The Mekong Migration Network (MMN), a sub-regional network of 38 member organisations working
together to protect migrants’ rights in the Greater Mekong Subregion (GMS), is appalled by such tragic
deaths of innocent children and women. These deaths would have been avoided if proper procedures had
been followed and if the safety and well-being of migrants was respected.

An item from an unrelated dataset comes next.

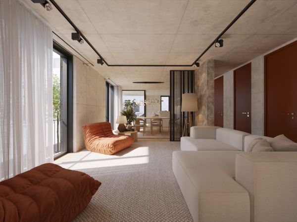 Der Wohnbereich besticht durch klare Linien, moderne Materialien und ausgewählte Gestaltungselemente. Sichtbetonflächen setzen architektonische Akzente und unterstreichen den zeitgemäßen Charakter der Immobilie. Die Innenausstattung ist hochwertig: Echtholzböden, bodentiefe Fenster und Sanitärobjekte von Markenherstellern wie Hans Grohe schaffen ein ebenso stilvolles wie funktionales Wohnambiente.
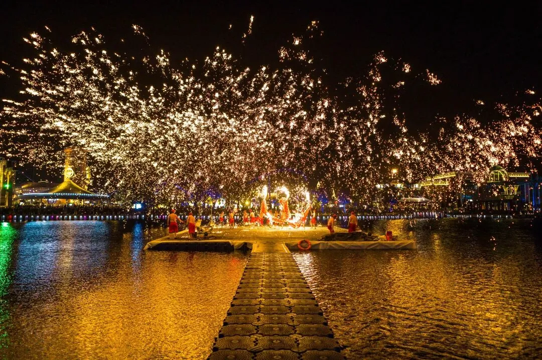 活动内容:融合非遗与光影科技,推出45万方襄阳最大自贡非遗彩灯会,打造新春大庙会及奇梦城堡光影秀、火龙钢花等五大新禧大秀,奇趣童年、云海汤泉同步推出特色活动,呈现传统年味奇幻春节。

In 2006-2007, the MMN conducted collaborative research on the arrest, detention and deportation
(“ADD”) of migrant workers in the GMS and highlighted serious human rights abuses, as well as a lack
of transparency and accountability during processes that involved ADD. While MMN’s core
recommendation is that policies be amended so that migrants are not constantly at risk of arrest, detention
and deportation, in the event that migrants are arrested, detained or deported, we called for the
procedures to be carried out in a humane, safe and transparent manner and only by authorized, trained
authorities2 .

In response to these latest tragedies, The Mekong Migration Network urgently calls for the Royal Thai
Government to:

1. Conduct full and impartial investigations into these events to ensure that the authorities involved are
held liable for their actions.

2. Facilitate access to justice for the victims and their families and ensure that they receive adequate
redress.

3. Take immediate steps to ensure that the relevant authorities enforce safe and humane procedures
during the arrest and deportation of migrant workers according to the Thai Criminal Procedure Code; the
1997 Measures in Prevention and Suppression of Trafficking in Women and Children Act (Section 9);
and Article 22 of the International Convention on the Protection of the Rights of Migrant workers and
their Families (1999).

4. Address the level of fear and insecurity that has been created in the migrant community which leads to
even fully documented migrants being terrified of uniformed officers.